“Holy Spider” movie spins an unsettling web of moral confusion

“Holy Spider”, Denmark’s official submission for Best International Film at the Academy Awards 2023 is awfully hard to watch and a purposefully nasty piece of work – but could any responsible version of this horrific true crime exist that isn’t? As writer-director Ali Abbasi said in a recent interview: “My intention was not to make a serial killer movie. I wanted to make a movie about a serial killer society.”

His third movie tells the story of a construction worker who perceived himself as a holy crusader cleaning the Iranian city of Mashhad by killing female sex workers. 16 women were killed in 2000 and 2001, strangled to death with their own head scarves they are required to wear in public – a symbolic gesture that would feel too obvious and too on-the-nose in a fictional story, but in “Holy Spider” it’s disturbingly true. Abbasi points out the deep-rooted misogyny within Iranian society and also emphasizes that it’s neither specifically political or religious but cultural.
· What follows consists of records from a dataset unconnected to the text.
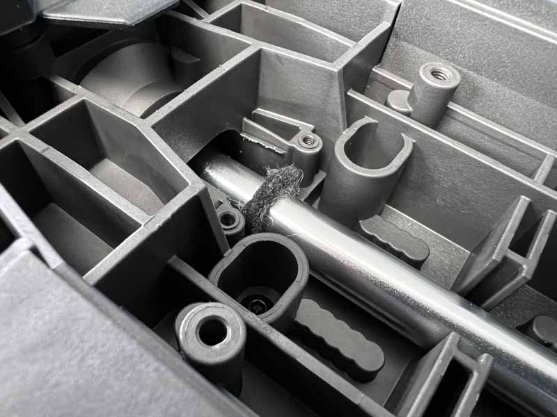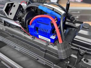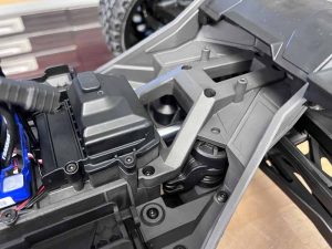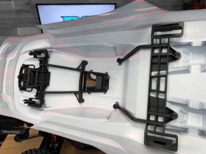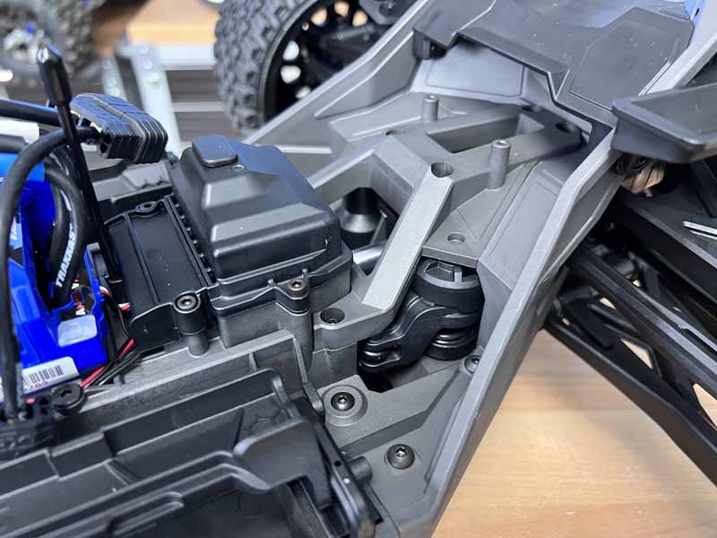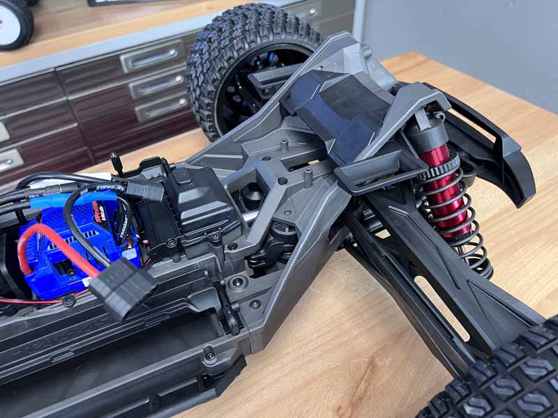 At first glance the chassis may look like an X-Maxx, but it’s a new set-up for a lower CG. The battery trays fit the 6700mAh Traxxas 4S packs. There’s plenty of bracing and the bulky shock towers are super rigid.
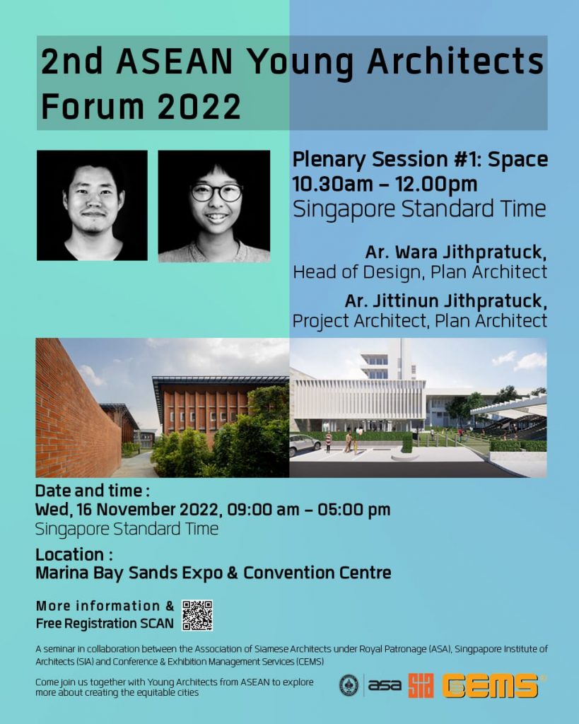ขอเชิญชวน ผู้สนใจเข้าร่วมฟังการสัมมนา 2nd ASEAN Young Architects Forum 2022 ในหัวข้อเรื่อง “Co-creating our Equitable Cities”  ในวันพุธที่ 16 พฤศจิกายน 2565 เวลา 09:00-17:00น. (เวลาประเทศสิงคโปร์) ณ Marina Bay Sands Expo & Convention Centre งานสัมมนาครั้งนี้ คุณวรา จิตรประทักษ์ และคุณจิตตินันท์ จิตรประทักษ์ สถาปนิก บริษัท แปลน อาคิเต็ค จำกัด และเหล่าสถาปนิกรุ่นใหม่ในอาเซียน ที่มีผลงานโดดเด่น มาแบ่งปันและเล่าถึงผลงานในประเด็นต่างๆเปิดลงทะเบียนตั้งแต่วันนี้ ถึง 16 พฤศจิกายน 2565 ผู้ที่สนใจเข้าร่วมฟังการสัมมนาสามารถสำรองที่นั่งโดยไม่เสียค่าใช้จ่ายได้ที่ https://www.eventbrite.com/e/2nd-asean-young-architects-forum-2022-tickets-438876109257
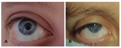 Three months later, the proptosis and hypotropia had subsided, and the patient was asymptomatic. In addition, the palpebral edema had resolved (Figure 1B), and the optic nerve remained normal.
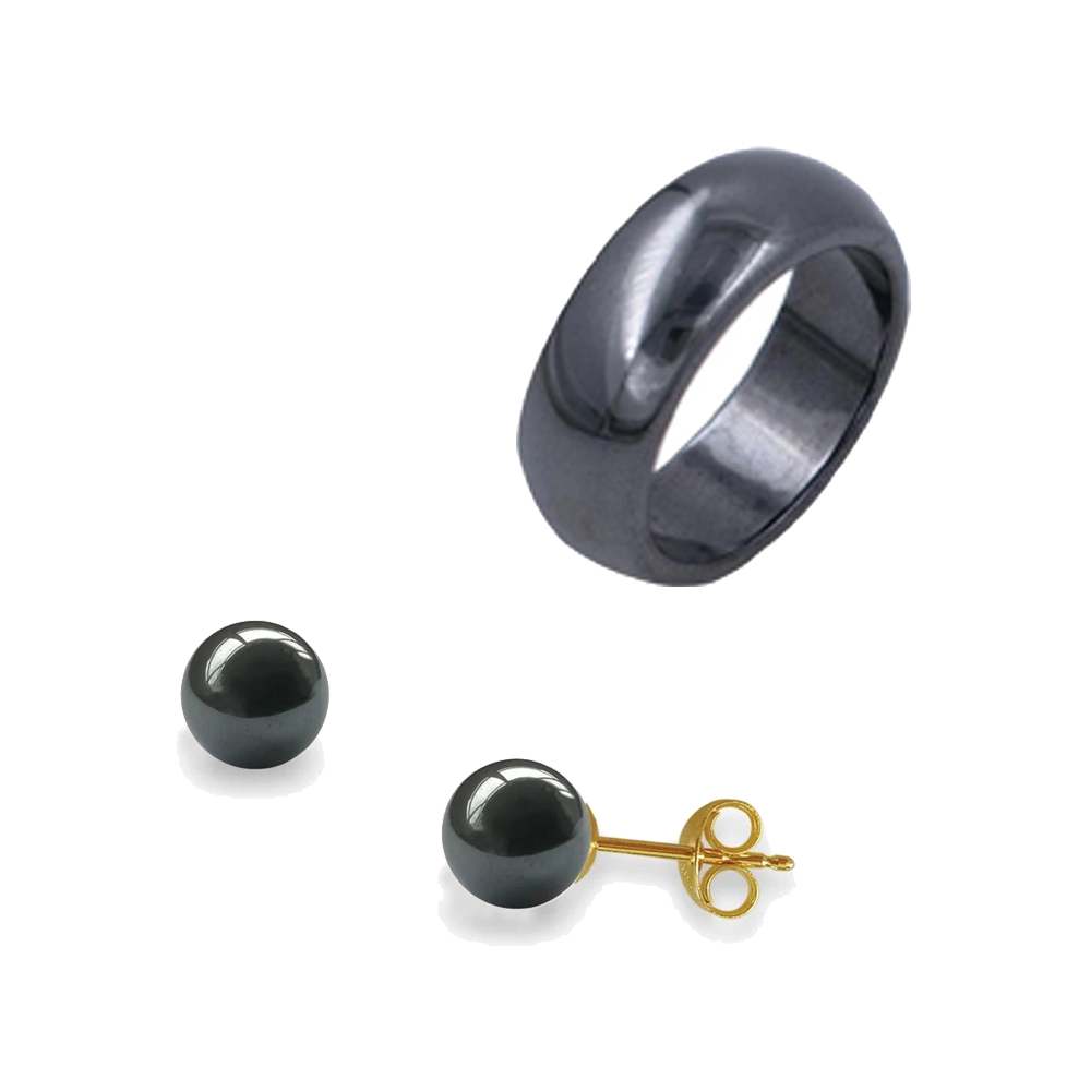 Σετ δαχτυλίδι και σκουλαρίκια χρυσά Κ14 με αιματίτη - S318635AH
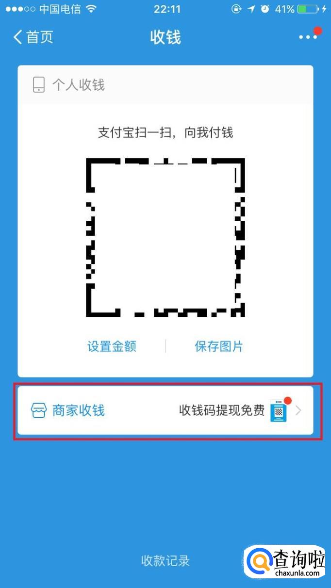 点击二维码下面的“商家收钱”。
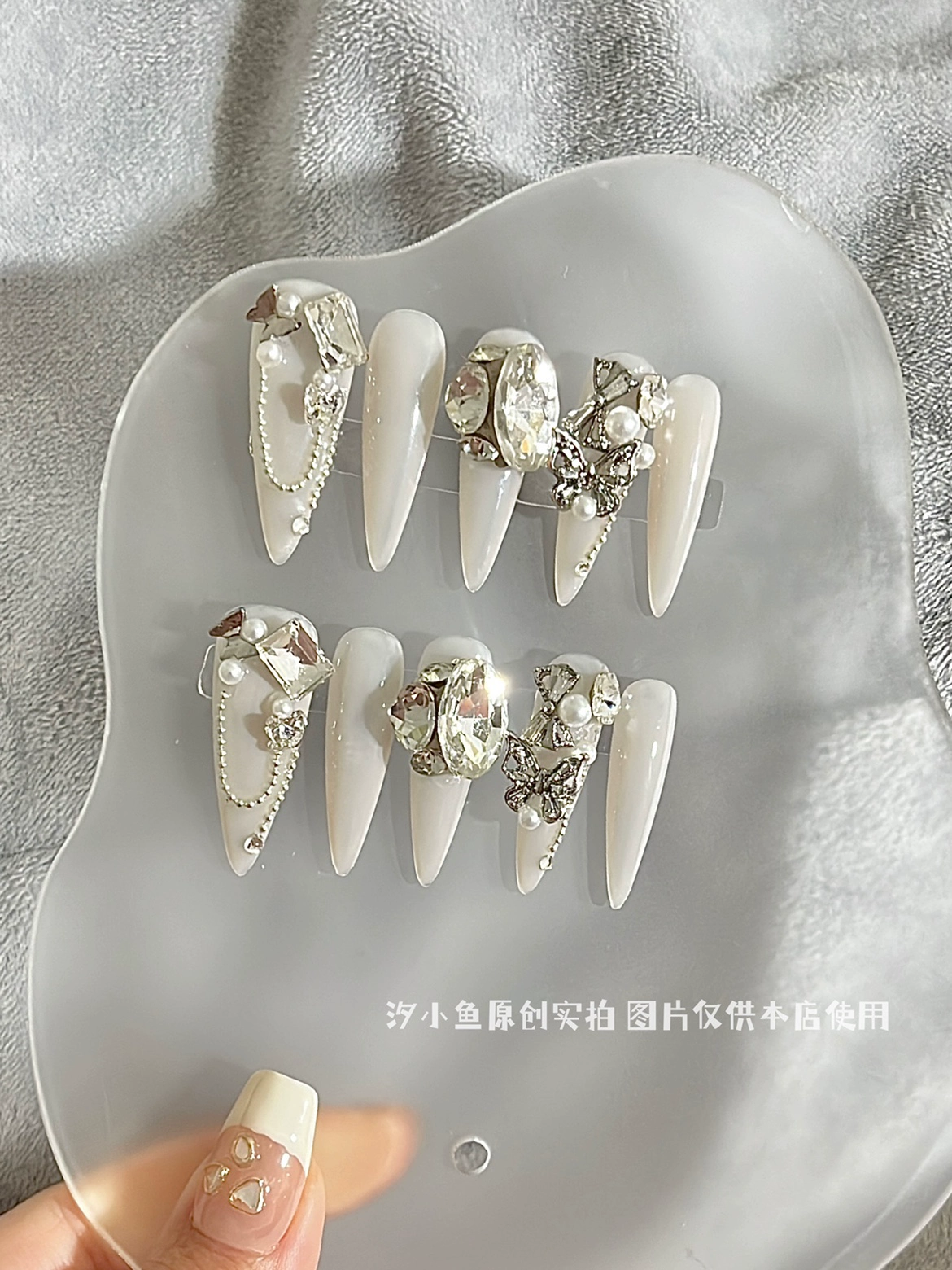 Wear Nails Luxurious Diamond Dove Bridal Water Drop Manicure

The most fictionalized part in “Holy Spider” is the character of an investigative journalist called Rahimi from Teheran, played by Zar Amir Ebrahimi. Her character is modeled on Clarice Starling in “The Silence of the Lambs” and provides guidance and a moral compass in this quagmire of cultural misogyny and religious extremism. When she arrives in town alone and without any support from the authorities, we witness her dealings with the local police, who wear her down. Only one male detective supports Rahimi in her mission to catch the killer – conveniently, he is also the chosen one for the serial killer: As he desperately seeks publicity and attention for his gruesome murders and ultimately, validation via his actions, he provides plenty of insights to this cop.

“Holy Spider” also comments on the real life situation Ebrahimi has been in before she fled Iran with a subplot about her being in a #metoo situation with one of her editors in Teheran that will be willfully misread.

Ninety-nine lashes and 10 years in prison awaited Ebrahimi, when she decided to flee Iran. Her crime? Having sex. Her ex-fiancé released a private sex recording which effectively destroyed Ebrahimi’s social and artistic reputation immediately. By that point, Ebrahimi had just become one of the nation’s most famous and beloved actresses – but her rocket-like career start as the leading actress in the soap opera “Narges” was instantly devastated by that leak. An estimated 100,000 copies of the leaked video circulated online and

When the trial was about to start, authorities began interrogating former colleagues and friends and Ebrahimi was ostracized and harassed.

“”The authorities did everything to me to just make me more helpless and make me more scared. I think at some point, they wanted me to get to suicide, just somehow remove myself from that society.”, she said in a recent interview during the press tour of “Holy Spider”.

Ebrahimi fled Iran with no plans to ever return and while she was never charged with any crime, the government found her guilty in absentia and sentenced her to 99 lashes and 10 years in prison. This horrendous show trial also prompted the lower house of the Parliament of Iran to pass a law to make the production of sexually explicit media – even for private consumption – an offense punishable by death.

Holy Spider

Her career in Iran was over once and for all, but her international career was just getting started until Ebrahimi won the award for best Actress in Cannes for “Holy Spider” and appeared on BBC’s 100 Women list as one of the world’s most influential and inspiring women of 2022.

Therefore „Holy Spider“ also reflects her treatment and traumatic experiences within Iranian society and makes it all the harder to watch – but it has to be. The bitter irony at the heart of this movie is as fascinating as timely: How does a holy city not only foster but actively embolden prostitution and merciless carnage? The answer of “Holy Spider” is crystal clear: because cops and judiciary and the killer himself are all part of the same patriarchal mindset – and as the movie ends with a pitch-black comment on the intergenerational imprinting of hatred and misogyny, it also offers a difficult, but not impossible way out of this vicious circle. The revolution has just begun and it’s up to the next generation and especially fathers to create a better future for themselves and their sons and daughters as the Iranian system has already failed them.